Sharon Fisher//April 27, 2016
After spending millions reimagining its downtown, Caldwell is missing only one thing: The people. But the city is hoping that a forthcoming mixed-use development will help with that.
“The goal is to revitalize downtown,” said Keri Smith-Sigman, economic development specialist for the city of Caldwell. She was hired in August after working in the Canyon County planning department for eight years, as well as working with and then serving as president of Destination Caldwell, a nonprofit organization focused on promoting the city. “With all the work I was doing for the redevelopment of Caldwell and branding efforts, the city ended up hiring me for economic development, which was awesome because I could put my focus where my heart is.”
In the past several years, Caldwell has been through a series of projects intended to revitalize it, including uncovering its Indian Creek area, which runs through town, and buying the Sundowner Motel – closed since 2010 — in hopes of turning the site into a park. And there’s some indication that the efforts are working. The city’s population is slowly growing, having reached 50,000 in 2015, and land values are rising, producing the urban renewal funding that is largely paying for the various projects.
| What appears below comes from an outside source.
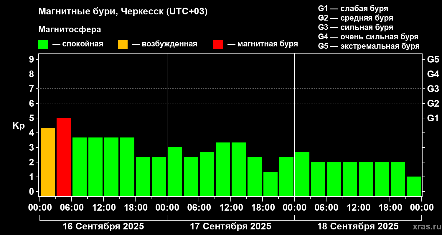 Магнитные бури в Черкесске — 18 сентября 2025 года
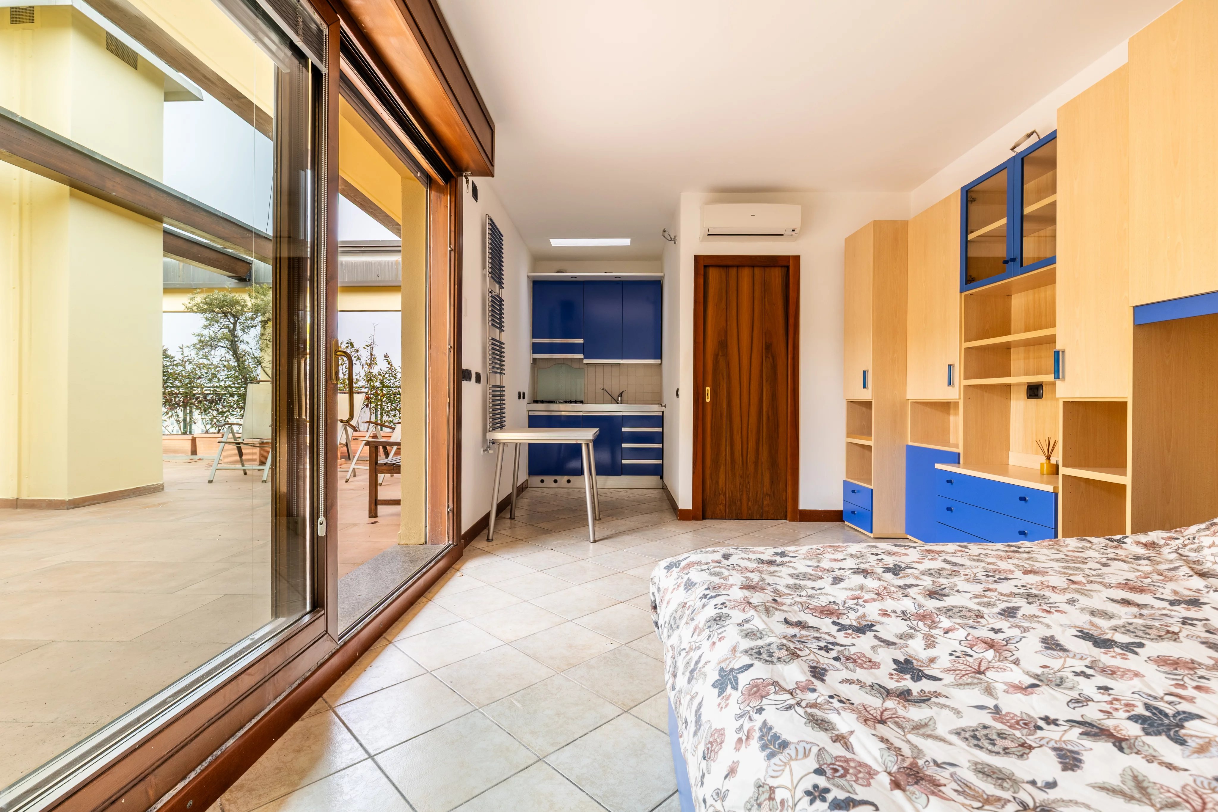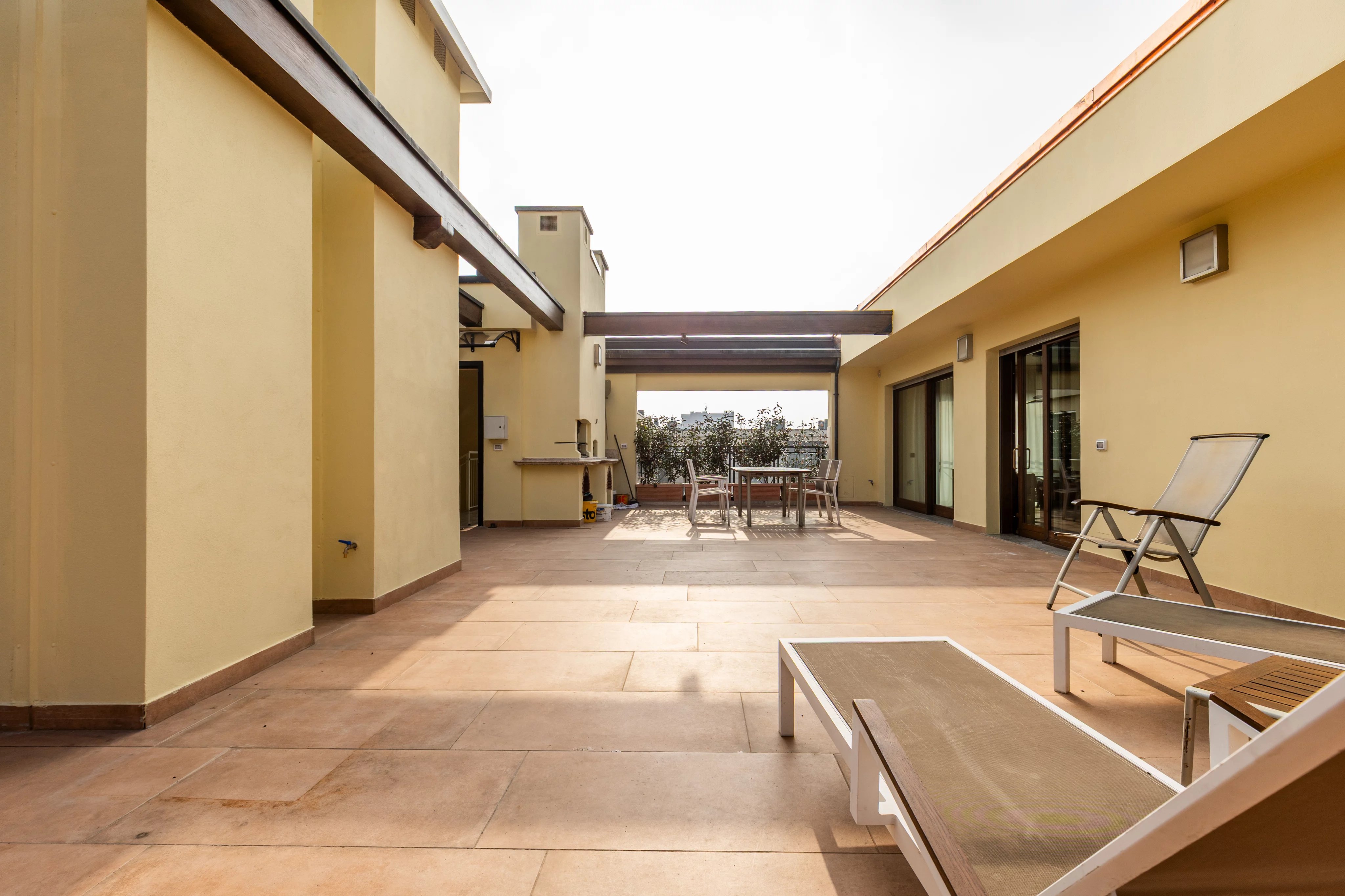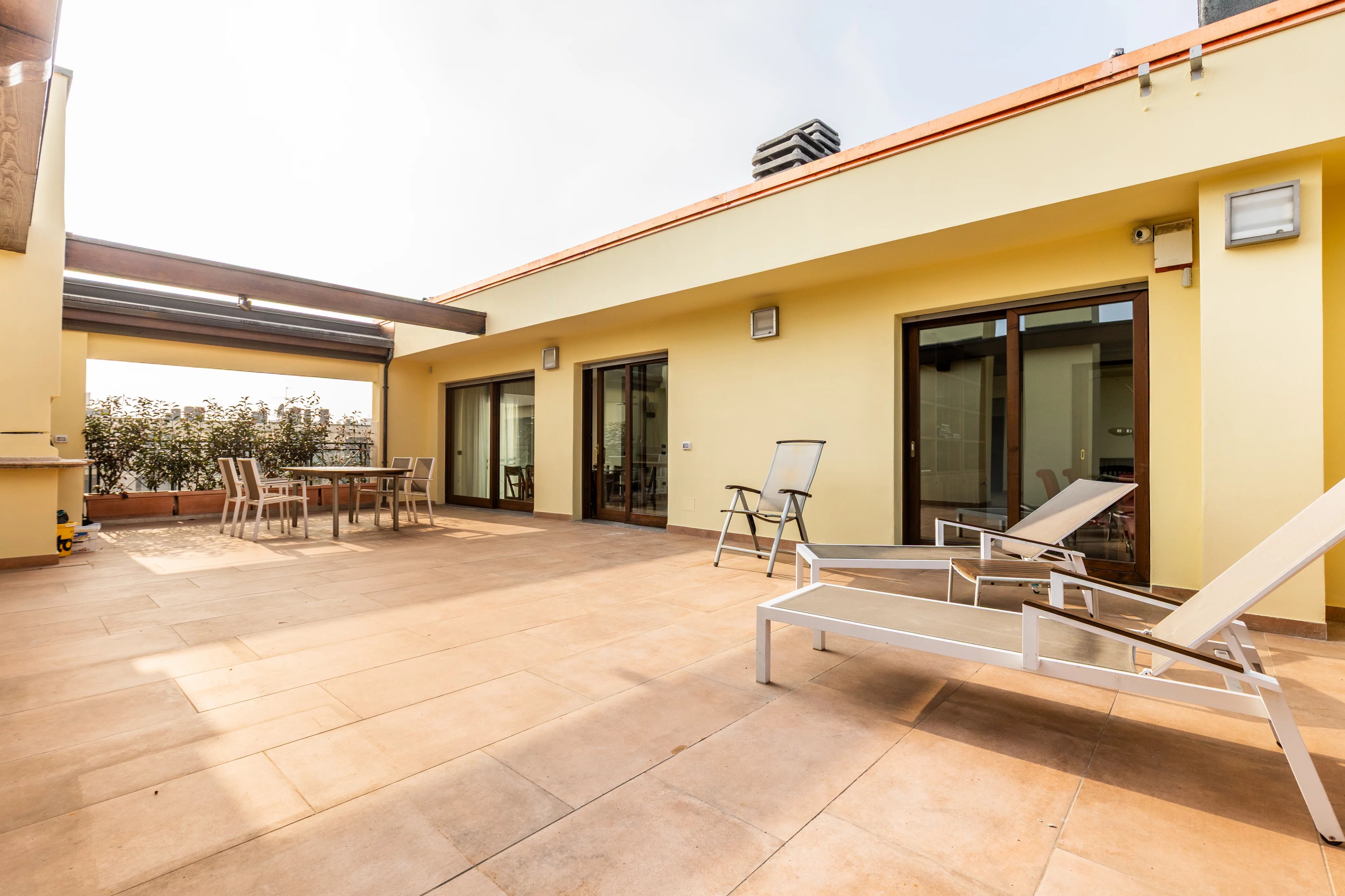 Dal terrazzo si accede inoltre a una dependance completamente indipendente, dotata di bagno e angolo cottura, perfetta come suite per ospiti, studio privato o alloggio per personale di servizio. La dependance dispone anche di ingresso autonomo dal vano scale, garantendo totale indipendenza rispetto all’appartamento principale.

Now the city is looking at mixed-use development to lure more people into its downtown, by working with developers to provide retail on the ground level and housing on upper levels. “Right now, we don’t have a lot of downtown living,” Smith-Sigman said. “If we are trying to create a vibrant, urban space downtown, we need a community of people who want to live in downtown. We don’t have that option really at all – just a few apartments in older historic buildings.”
In 2014, Destination Caldwell brought in Roger Brooks, an Arizona consultant who specializes in “turning communities into destinations.” Central to that, and crucial to slowing the leakage of locally earned money to communities such as Boise and Nampa, is creating a vibrant downtown Caldwell, he said.
“In downtowns, the ground floor should be primarily for restaurants and retail,” Brooks said. “The upper stories can be offices and condominiums. It doesn’t mean you can’t have a law office on the ground floor, but it should be retail-oriented.”
Plus, that retail needs to follow the “10-10-10 rule.” According to Brooks, a successful mixed-use development needs to have three things, within three linear blocks:
• Ten places that sell food. “I told Caldwell, if they had 30 restaurants downtown, they’d have people coming from 50 miles around.”
• Ten “destination” stores such as bookstores, galleries, and clothing stores.
• At least 10 of those 20 places have to be open after 6 pm. “Seventy percent of all consumer brick-and-mortar spending takes place after 6 pm,” Brooks said, noting that suburban malls are typically open until 9 and Walmart is open until midnight or 24 hours.
Right now, Caldwell doesn’t have that. “There’s 50,000 people in Caldwell, and downtown has three or four shops, and that’s it,” Brooks said. “Those businesses can’t survive by themselves. It’s like a mall with three stores in it.”
The city has also set its hopes on Trolley Square, a mixed-use development awarded to the Gardner Company, which also developed the Nampa Library and Boise’s Eighth & Main. Located on a single block at Ninth and Arthur, it’s intended to include four structures, including a two-story, 11-screen Reel movie theater, three retail pads, and a gathering place in the middle for mini concerts and other events, Smith-Sigman said. “It’ll be mixed use in the sense that it will have entertainment, the mini plaza, and a variety of uses,” but there could be office space on upper floors if Gardner ends up building beyond the ground floor, she said.
Gardner – the only company that submitted a proposal — was awarded the contract a couple of months ago, with demolition of the existing buildings on the site scheduled to be completed by the end of April, Smith-Sigman said.
How will Caldwell know whether this project is the one that’ll do the trick? “At the end of the day, we want a thriving downtown again,” Smith-Sigman said. “We have a high vacancy rate downtown. If we could get that under 5 percent, that’s when I’ll be happy. I love it when people tell us we’re going to have a parking problem. We want to have a parking problem.”